RayPipeline fails with two Retrievers + Reader pipeline
Describe the bug
The RayPipeline fails with two Retrievers (like BM25&Embedding Retriever or two BM25 Retrievers, etc) + Reader pipeline. It seems the RayPipeline was never tested for parallel nodes (eg BM25Retriever and EmbeddingRetriever nodes needs to join their results to hand those over to the Reader node)
Error message
File ~/test-ray-haystack/haystack/pipelines/ray.py:271, in RayPipeline.run(self, query, file_paths, labels, documents, meta, params)
--> 266 output = self.graph.nodes[n_id]["component"].run(**input_dict)
267 inputs_for_join_node["inputs"].append(output)
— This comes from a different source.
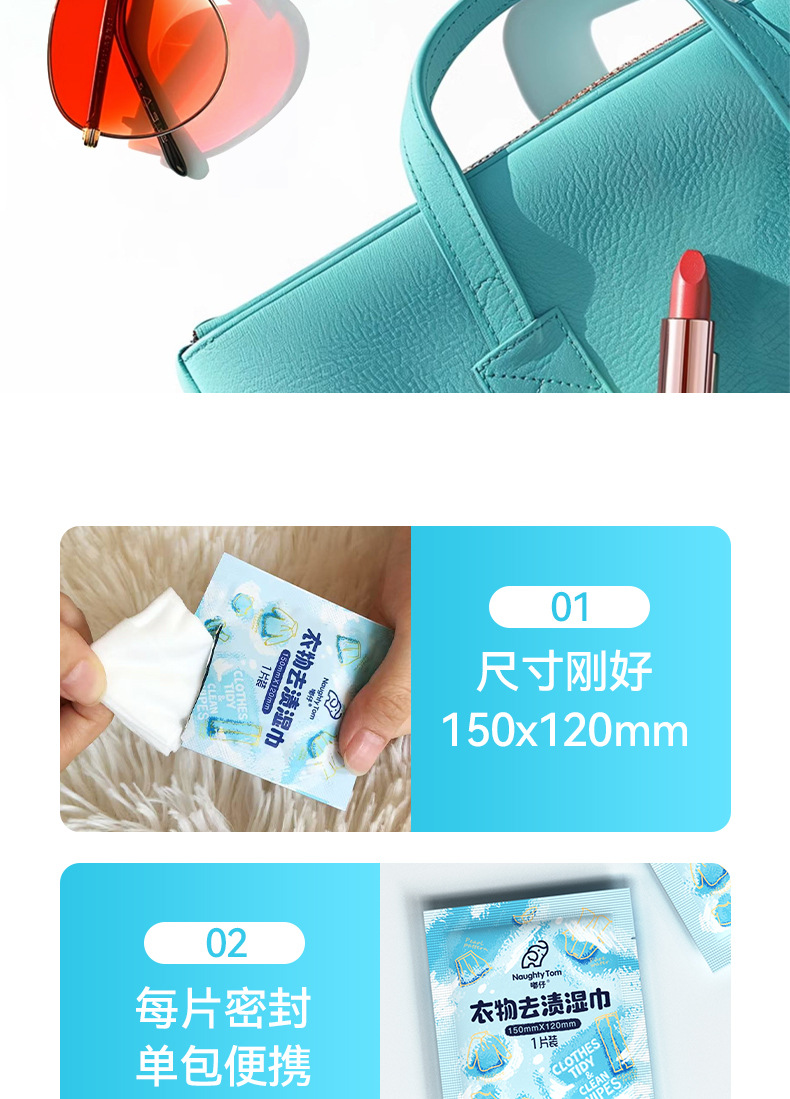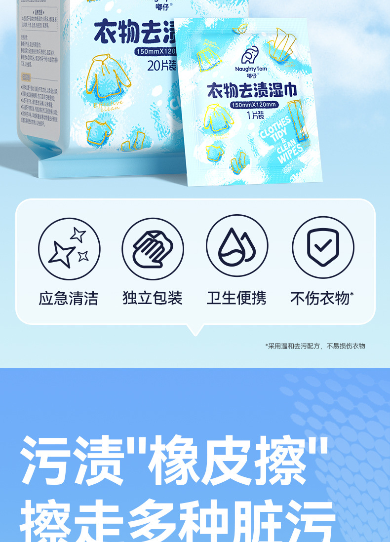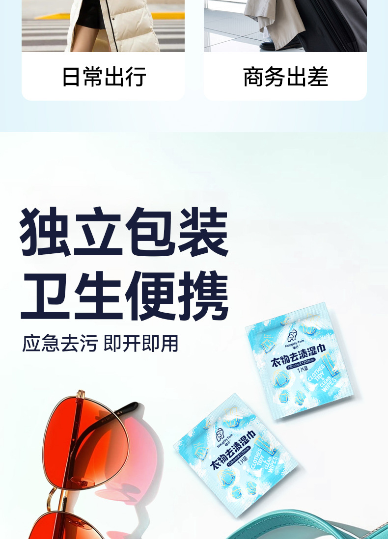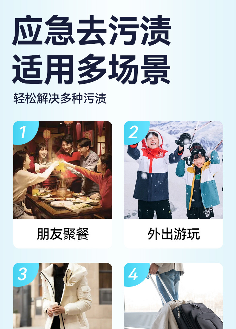 衣物去渍湿巾羽绒服湿巾便携应急免水洗去污免洗小白鞋羽绒服湿巾

268 input_dict = inputs_for_join_node
TypeError: 'RayServeSyncHandle' object is not callable
Expected behavior
The RayPipeline should work with any and all Haystack Pipelines, including parallel nodes.
Additional context
We have discussed this with @ZanSara on Slack. We agreed that as part of a refactoring I will remove RayPipeline.run and make Pipeline.run to be usable from RayPipeline - which should fix this issue and any other potential issues hidden by using the customer RayPipeline.run instead of Pipeline.run.
To Reproduce
Run RayPipeline with a standard BM25 & Embedding Retriever + Reader pipeline.
FAQ Check
- [ x ] Have you had a look at our new FAQ page?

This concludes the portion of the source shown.